Ему было невыносимо больно осознавать, что он так и не попрощался с Кассией. Не взглянул на неё напоследок, не прикоснулся губами к холодному лбу… Видит Бог, она была по-своему дорога ему. Он испытывал к ней исключительно дружеские чувства, но этого было достаточно, чтобы сейчас его душу раздирала гнетущая тоска и боль потери. Кассия помогала Хельмуту, она поддерживала его в трудные минуты, давала советы и всегда оставалась такой светлой, такой весёлой… Он даже с горечью подумал, что и перед смертью девушка могла улыбаться.
— А я знаю, — вдруг подал голос барон Адриан, — что вы с моей сестрой были… достаточно близки.
— Не настолько, как вы могли подумать, — резко поднял голову Хельмут — но барон Кархаусен всё ещё не смотрел в его сторону, отвернувшись. — И Кассия, помнится, говорила, что вы ничего не видите… — Он сдержанно усмехнулся, надеясь, что барон Адриан этого не заметит.
— Она так думала, — отозвался тот, окончательно повернувшись к Хельмуту спиной.
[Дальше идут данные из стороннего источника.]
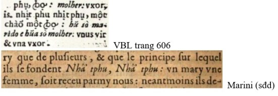 Như đã viết bên trên, một trong 7 bí tích là phép hôn nhân hay phép “một vợ một chồng”, LM de Rhodes đã phải ghi dạng HV tương đương là “nhịt (nhất) phu nhịt (nhất) phụ” (mục phụ, VBL trang 606 – hình chụp bên dưới) để dễ ‘tiếp cận’ với quan chức đương thời (thường có học/rành chữ Nho). LM de Rhodes nhắc lại bí tích này trong PGTN trang 299 “khi chẳng phải việc ngay trong một vợ một chồng … Mà sự giao cảm cho ngay, thì phải có một vợ một chồng”. Ngay cả các giáo sĩ Dòng Tên đàn anh của De Rhodes như Matteo Ricci hoàn toàn không chấp nhận chế độ đa thê ở Trung Quốc, dù đã cố gắng dung hoà tư tưởng Khổng giáo với giáo lý CG. Do đó, vấn đề hôn nhân theo CG và chế độ đa thê trở thành một bức rào cản rất khó vượt qua và cũng trở thành một nguyên nhân dẫn đến việc cấm đạo – nhất là khi từ vua đến quan và dân đen đều có thể thực hành chế độ đa thê đa thiếp (được luật pháp cho phép như luật Hồng Đức chẳng hạn). Không những chỉ có LM de Rhodes dùng “nhất phu nhất phụ”, LM Marini cũng dùng thành ngữ HV này trong tác phẩm của ông để nhắc nhở giáo dân bí tích quan trọng này trong CG – xem các hình chụp bên dưới:

Слышно было, что голос барона Кархаусена дрожит, и ему приходилось делать долгие паузы, чтобы унять эту дрожь и говорить ровно. — На самом деле я давал ей много свободы, а то, что обо мне шли слухи как о строгом брате… — Он вздрогнул — или просто пожал плечами, но выглядел этот жест донельзя дёрганно. — Я хотел, чтобы она была самостоятельной, чтобы она сама могла за себя постоять…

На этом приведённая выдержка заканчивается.